**PROBLEM**: Copy every line of the data exactly, keeping out any picture.

**DATA**:
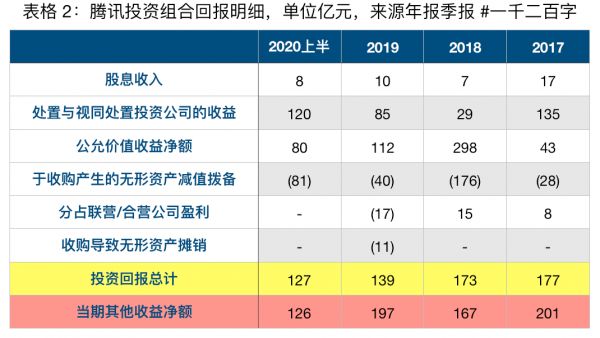 从2017-2019这三年看,投资回报分别是177亿、173亿、139亿,略有下降,看明细2019年主要是因公允价值收益净额下降所致。另根据2020上半年“其他收益净额”明细估算出的投资回报大概是127亿,又有提升迹象。这说明,虽然腾讯愈发倾向于将一些关联公司变成子公司,将其从投资收益中“剔除”出去,但相比于关联公司投资和手握金融资产的庞大基数,这种变化对投资回报带来的影响很小。
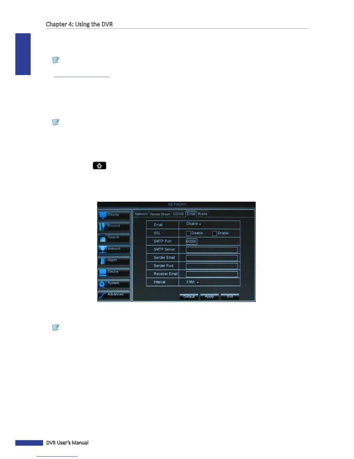 Be sure that the DVR network connecon is properly congured before proceeding with the email setup.
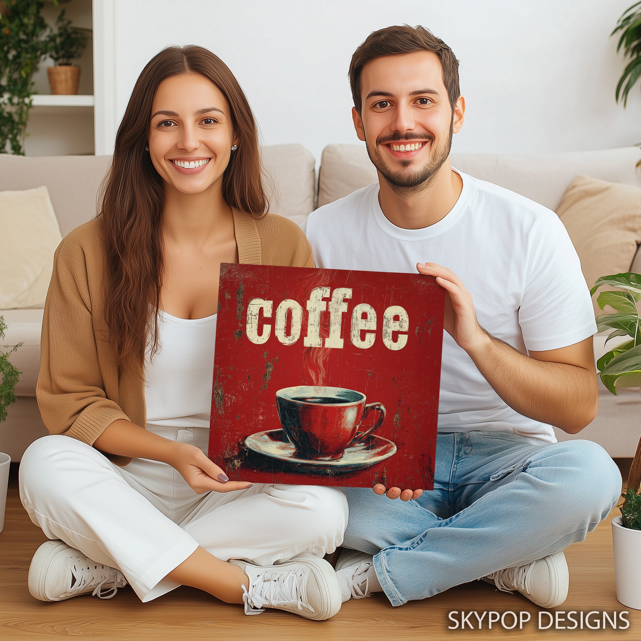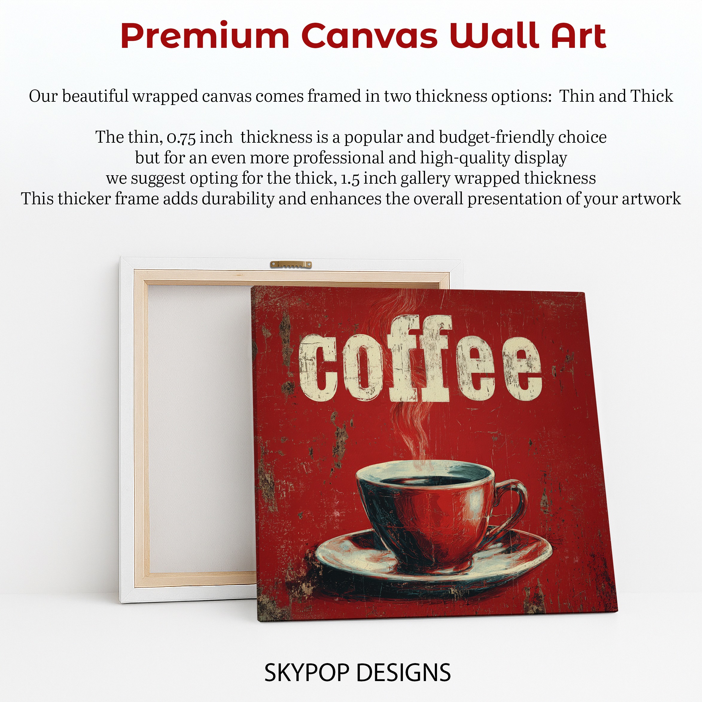 Elevate your space with this eye-catching vintage coffee canvas wall art that celebrates the timeless appeal of a perfect brew. The striking red background instantly draws attention, making this piece a focal point in any room. Perfect for kitchen decor, cafe ambiance, or adding a touch of retro charm to your dining area, this poster captures the essence of coffee culture. The distressed texture and worn edges give an authentic vintage feel, ideal for rustic or farmhouse-inspired interiors. The bold white “coffee” text contrasts beautifully against the vibrant red, creating a visually impactful design that’s sure to spark conversation. This canvas art isn’t just decorative – it’s a daily reminder to savor life’s simple pleasures. The steaming cup of coffee adds a cozy, inviting element, making it a great addition to breakfast nooks or home offices. Whether you’re a coffee enthusiast or simply appreciate retro-inspired decor, this piece adds character and warmth to any space. The high-quality printing ensures every detail, from the textured background to the cup’s subtle shading, is captured beautifully. Available in various sizes, this versatile wall art adapts to different room layouts and pairs well with both modern and traditional furnishings. Transform your space today with this charming coffee-themed artwork that blends vintage appeal with contemporary style.
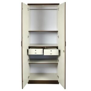 ABBAJI INTERIORS Engineered Two-Door Wardrobe with Mirror and 2 Drawers,4 Shelves (Walnut Flair Texture)- Length 24 inch

**TASK RESULT**:
 从2017-2019这三年看,投资回报分别是177亿、173亿、139亿,略有下降,看明细2019年主要是因公允价值收益净额下降所致。另根据2020上半年“其他收益净额”明细估算出的投资回报大概是127亿,又有提升迹象。这说明,虽然腾讯愈发倾向于将一些关联公司变成子公司,将其从投资收益中“剔除”出去,但相比于关联公司投资和手握金融资产的庞大基数,这种变化对投资回报带来的影响很小。
 Be sure that the DVR network connecon is properly congured before proceeding with the email setup.
 Elevate your space with this eye-catching vintage coffee canvas wall art that celebrates the timeless appeal of a perfect brew. The striking red background instantly draws attention, making this piece a focal point in any room. Perfect for kitchen decor, cafe ambiance, or adding a touch of retro charm to your dining area, this poster captures the essence of coffee culture. The distressed texture and worn edges give an authentic vintage feel, ideal for rustic or farmhouse-inspired interiors. The bold white “coffee” text contrasts beautifully against the vibrant red, creating a visually impactful design that’s sure to spark conversation. This canvas art isn’t just decorative – it’s a daily reminder to savor life’s simple pleasures. The steaming cup of coffee adds a cozy, inviting element, making it a great addition to breakfast nooks or home offices. Whether you’re a coffee enthusiast or simply appreciate retro-inspired decor, this piece adds character and warmth to any space. The high-quality printing ensures every detail, from the textured background to the cup’s subtle shading, is captured beautifully. Available in various sizes, this versatile wall art adapts to different room layouts and pairs well with both modern and traditional furnishings. Transform your space today with this charming coffee-themed artwork that blends vintage appeal with contemporary style.
 ABBAJI INTERIORS Engineered Two-Door Wardrobe with Mirror and 2 Drawers,4 Shelves (Walnut Flair Texture)- Length 24 inch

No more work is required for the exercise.